She answered, "It concerns me greatly, Sekhmet, when you were one of those who dispatched this immortal to deathbrush me."
The death goddess held up a hand with a placating wave. Sekhmet appeared unconcerned.
"There were worries you might fluctuate. Clearly, you have not. And so what if you killed the reaper? His kind is loathed among our numbers."
"He reaped two of the demigods that raped me, Sekhmet!"
Persephone burst forth from the crowd, hatred in her face. Now a goddess, the turned mortal had had to contend with the atrocity that was committed, and the lies that were perpetuated against her and Hades. The death god, for his part, had continued to protect her, and the bounty had been outstanding for millennia.
None of which mattered. She was still followed by gossip and heavy whispers. Enough to crush her kind soul. For a moment, it looked as though Persephone was about to go to blows with the more ancient goddess.

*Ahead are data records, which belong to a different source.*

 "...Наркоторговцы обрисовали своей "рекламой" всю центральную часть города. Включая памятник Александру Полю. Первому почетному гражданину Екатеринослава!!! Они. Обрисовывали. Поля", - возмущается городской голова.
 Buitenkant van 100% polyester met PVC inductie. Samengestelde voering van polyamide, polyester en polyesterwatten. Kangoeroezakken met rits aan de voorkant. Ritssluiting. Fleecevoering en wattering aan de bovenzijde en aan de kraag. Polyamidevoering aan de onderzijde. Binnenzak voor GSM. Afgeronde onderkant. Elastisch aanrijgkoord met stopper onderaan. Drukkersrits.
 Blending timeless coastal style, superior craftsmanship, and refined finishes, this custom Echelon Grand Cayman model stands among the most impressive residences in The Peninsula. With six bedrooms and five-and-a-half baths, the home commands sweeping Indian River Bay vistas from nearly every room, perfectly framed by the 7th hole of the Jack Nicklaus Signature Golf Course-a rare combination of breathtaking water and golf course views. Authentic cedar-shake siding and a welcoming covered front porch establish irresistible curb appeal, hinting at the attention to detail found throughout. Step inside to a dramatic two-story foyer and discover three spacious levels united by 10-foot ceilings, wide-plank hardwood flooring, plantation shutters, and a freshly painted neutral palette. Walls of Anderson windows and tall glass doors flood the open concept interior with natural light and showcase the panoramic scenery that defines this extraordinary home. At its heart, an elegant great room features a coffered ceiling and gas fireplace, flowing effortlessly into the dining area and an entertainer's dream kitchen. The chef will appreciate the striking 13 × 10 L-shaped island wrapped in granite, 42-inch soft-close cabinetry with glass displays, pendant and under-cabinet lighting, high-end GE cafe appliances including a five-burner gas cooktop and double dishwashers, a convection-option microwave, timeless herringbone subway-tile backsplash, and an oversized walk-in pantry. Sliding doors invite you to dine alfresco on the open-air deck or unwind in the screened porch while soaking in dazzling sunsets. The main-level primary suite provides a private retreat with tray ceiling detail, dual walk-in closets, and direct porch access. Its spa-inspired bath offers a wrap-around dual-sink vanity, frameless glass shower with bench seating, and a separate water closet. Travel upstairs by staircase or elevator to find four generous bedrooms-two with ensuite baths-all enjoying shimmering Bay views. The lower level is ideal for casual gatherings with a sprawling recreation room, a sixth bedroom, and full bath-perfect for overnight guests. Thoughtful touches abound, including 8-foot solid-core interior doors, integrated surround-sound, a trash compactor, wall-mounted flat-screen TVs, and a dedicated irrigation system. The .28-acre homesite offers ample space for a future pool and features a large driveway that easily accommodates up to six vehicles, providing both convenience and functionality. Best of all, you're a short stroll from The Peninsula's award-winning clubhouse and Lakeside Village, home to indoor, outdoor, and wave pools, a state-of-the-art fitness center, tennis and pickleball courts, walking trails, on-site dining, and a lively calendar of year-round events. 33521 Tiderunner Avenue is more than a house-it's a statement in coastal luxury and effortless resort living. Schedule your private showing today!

"How dare you treat him so ill?!" she shouted.
Sekhmet held up both her hands, palms up. Her face showed remorse. "I by no means infer that what the reaper did then was not a good deed, Persephone."
Persephone settled a moment, and Sekhmet continued with a wave, "While that is commendable," she inhaled slowly, "Clearly, he has overstepped his bounds and attempted to reap Phenїx before her ascension." Sekhmet shook her head with a sigh. "He has gone to his Hell."

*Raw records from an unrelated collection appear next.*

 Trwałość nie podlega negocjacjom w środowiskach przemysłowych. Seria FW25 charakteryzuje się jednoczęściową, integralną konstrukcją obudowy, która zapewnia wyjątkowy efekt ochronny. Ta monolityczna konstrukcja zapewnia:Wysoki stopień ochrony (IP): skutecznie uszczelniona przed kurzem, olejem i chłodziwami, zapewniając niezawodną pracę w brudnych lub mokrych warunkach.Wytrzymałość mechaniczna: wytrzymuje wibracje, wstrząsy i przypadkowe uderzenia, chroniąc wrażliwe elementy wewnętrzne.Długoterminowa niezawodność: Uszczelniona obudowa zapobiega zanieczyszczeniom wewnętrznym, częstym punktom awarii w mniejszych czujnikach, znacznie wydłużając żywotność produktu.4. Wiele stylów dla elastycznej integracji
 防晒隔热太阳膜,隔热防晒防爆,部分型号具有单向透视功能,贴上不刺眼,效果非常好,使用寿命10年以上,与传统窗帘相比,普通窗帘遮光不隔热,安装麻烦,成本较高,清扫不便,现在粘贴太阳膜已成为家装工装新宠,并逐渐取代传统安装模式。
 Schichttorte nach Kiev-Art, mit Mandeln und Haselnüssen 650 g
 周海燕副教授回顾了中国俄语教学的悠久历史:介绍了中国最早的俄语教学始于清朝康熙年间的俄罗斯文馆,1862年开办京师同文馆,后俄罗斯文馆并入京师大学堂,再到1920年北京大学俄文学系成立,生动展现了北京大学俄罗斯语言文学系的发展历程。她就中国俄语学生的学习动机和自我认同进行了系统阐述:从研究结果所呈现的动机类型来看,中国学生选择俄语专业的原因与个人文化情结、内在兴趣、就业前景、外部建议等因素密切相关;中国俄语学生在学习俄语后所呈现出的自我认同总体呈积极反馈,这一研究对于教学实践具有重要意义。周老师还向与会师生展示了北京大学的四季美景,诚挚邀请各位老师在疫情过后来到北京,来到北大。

Credit where credit was due. If not for her knowledge, even a trained investigator wouldn't have noticed the off tone. "You lie very well, Sekhmet," Nïx murmured.

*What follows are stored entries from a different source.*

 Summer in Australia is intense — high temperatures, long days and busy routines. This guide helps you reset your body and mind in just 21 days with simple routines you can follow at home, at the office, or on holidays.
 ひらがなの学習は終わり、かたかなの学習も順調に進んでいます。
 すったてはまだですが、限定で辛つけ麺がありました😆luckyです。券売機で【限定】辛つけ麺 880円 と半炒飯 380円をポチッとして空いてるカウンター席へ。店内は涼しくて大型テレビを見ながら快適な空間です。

The older goddess glared. "I beg your pardon, daughter?"
Nїx felt ire burning up her mind. "I am never your daughter, Sekhmet. I am Freya's." She bit the next words out, "And I will not grant pardon to one who helped try to assassinate me."
"That is an outrageous accusation to level in this hall!" Loviatar shouted as she stepped forward.
Willowy and with deep brown hair, she did not appear half as dangerous as she truly was. It was part of her charm, in a certain way. She appeared innocuous, merely one of dozens of such witches who had strived early on to ascend and succeeded.
Nïx's eyes narrowed, "Is it?"
She gazed around the assembly. She waved behind her, conjuring a dozen gold-gilded mirrors across the room. Each over forty feet tall, all large enough to be seen in every corner of the amphitheater.
"Allow me to enlighten you all what happens when a reaper fails to answer a summons of deathbrush."
The mirrors' glass smoked, then cleared that now the goddesses could witness a cold desert. Perpetual night remained, with only a single full moon overhead. Byron stumbled down a sandy dune, grimaced.
A howl behind him made him turn. Her reaper's lips bared in a snarl.
Kur'orog appeared in a trace, his mouth slavering.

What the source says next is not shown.